Среди очень многочисленных поэтов парижской школы нельзя не упомянуть Владимира Корвин-Пиотровского (1891–1966), написавшего ряд блестящих неоклассических, но не академических, полных дыхания стихотворений уже в поздний период, в 1940-е годы, Бориса Божнева (Гершуна; 1898–1969) с его своеобразным интонационным строем и необычными, почти шокирующими сюжетами (вплоть до лирического описания писсуара), Анну Присманову (1892–1960), отличавшуюся на общем фоне энергией стиха и точностью пластического рисунка, и её мужа Александра Гингера (1897–1965). Изящные, трогательные и ироничные, хотя не лишённые «фельетонной» облегчённости стихи писал бывший сатириконец «Сатирикон» — сатирический журнал, издававшийся с 1908 по 1914 год в Санкт-Петербурге. Главным редактором был Аркадий Аверченко. В 1913 году из-за конфликта с владельцем Аверченко вместе со всей редакцией покинули журнал и начали издавать «Новый Сатирикон». В 1918 году журнал был закрыт, а большинство его авторов оказалось в эмиграции. В 1930-х и 1950-х годах было несколько попыток возродить журнал за границей. Дон-Аминадо (Аминодав Шполянский, 1888–1957). За исключением последнего, ни у кого из перечисленных здесь не было дореволюционной литературной биографии. Это были поэты, рождённые эмиграцией.
Но центральной фигурой этого поколения и круга эмигрантской поэзии стал Борис Поплавский (1903–1935). Полностью соответствовавший образу парижского «проклятого поэта» (что включало и экзотические подробности его смерти — от передозировки наркотика, предложенного случайным знакомым, якобы решившим покончить с собой и искавшим «попутчика»), Поплавский был окружён эффектной легендой. Но и стихи его — по лирической силе и по поэтике — резко выделялись в эмигрантской среде. Поплавский был единственным из «русских парижан», испытавшим влияние современной ему французской поэзии (прежде всего сюрреализма). Его стихи наполнены тревожной «сновидческой» образностью:
В воздухе города жёлтые крыши горели.
Странное синее небо темнело вдали.
Люди на всех этажах улыбались, блестели.
Только внизу было вовсе не видно земли.
Поезд красивых вагонов сквозь сон подымался.
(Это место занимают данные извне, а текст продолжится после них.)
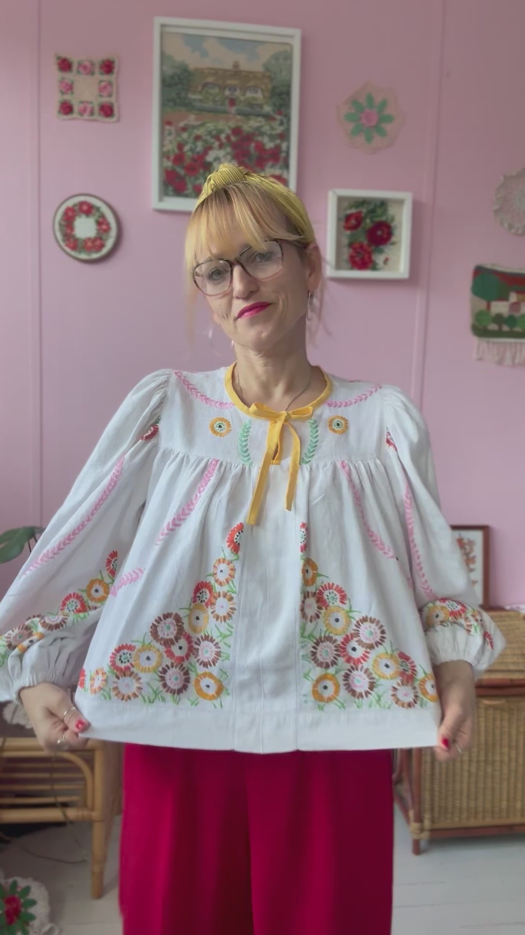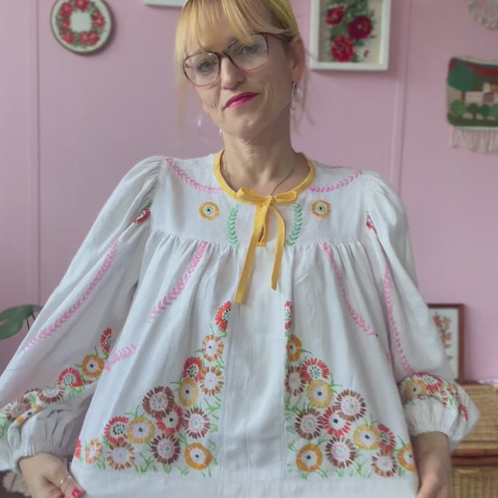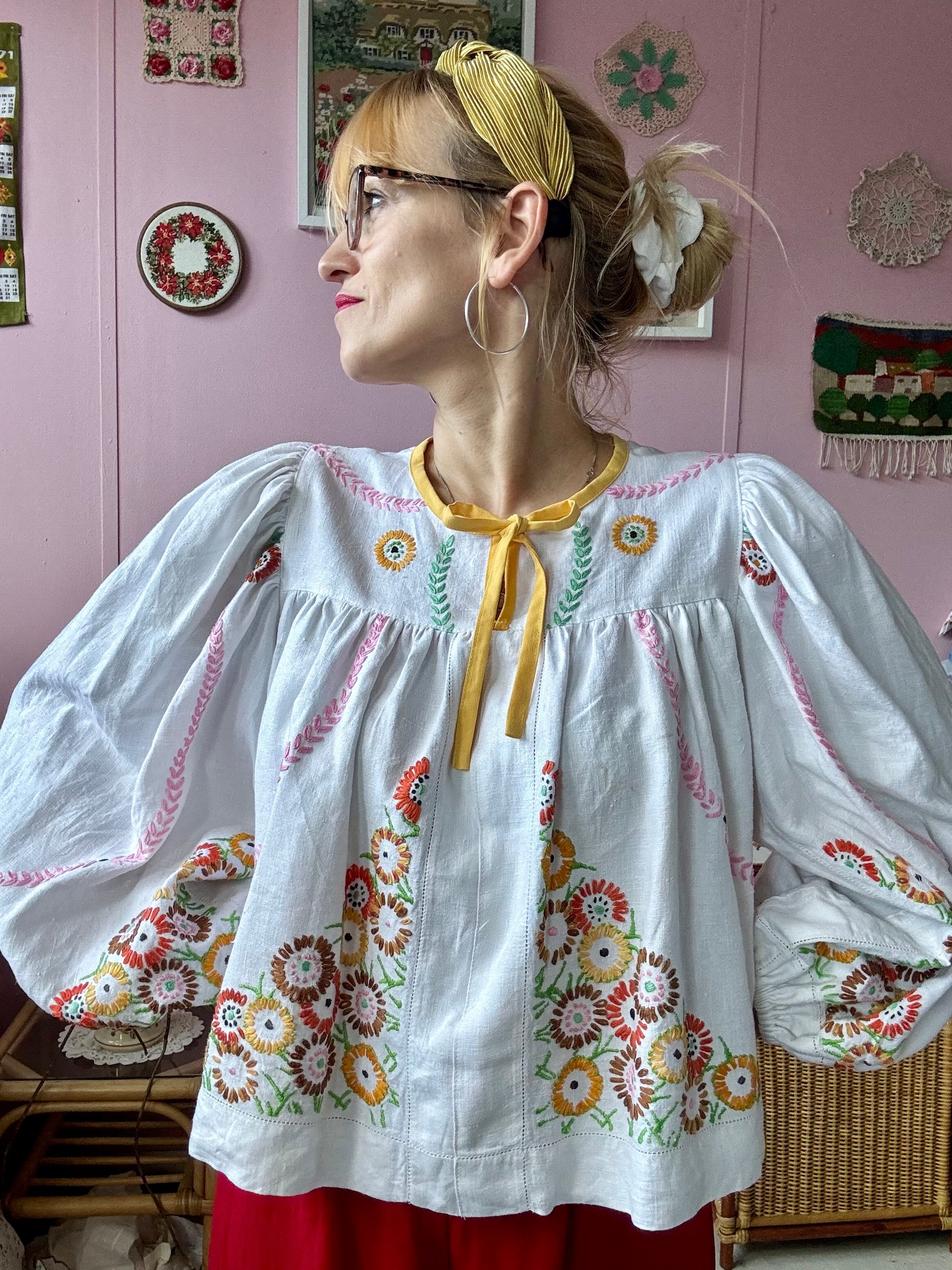 Linen blouse made from vintage tablecloth with floral hand embroidery and pink embroidery

Странные люди из окон махали платками.
В глетчере синем оркестр наигрывал вальсы.
Кто-то с воздушных шаров говорил с облаками.
Это волнующее визионерство в сочетании с большим лирическим темпераментом, с какой-то особой подростковой хрупкостью, пронизывающей стихи Поплавского, настолько захватывает читателя (особенно в лучших стихотворениях, таких как «Чёрная Мадонна», «Флаги спускаются», «Рембрандт», «Допотопный литературный ад», процитированное выше «Детство Гамлета»), что автору прощаешь и некоторую аляповатость, и почти «графоманские» в своей грубой банальности строки («Над загаженным парком святое виденье пропало»), и, наконец, временами неуверенный язык — не столько даже неправильный, сколько неловкий.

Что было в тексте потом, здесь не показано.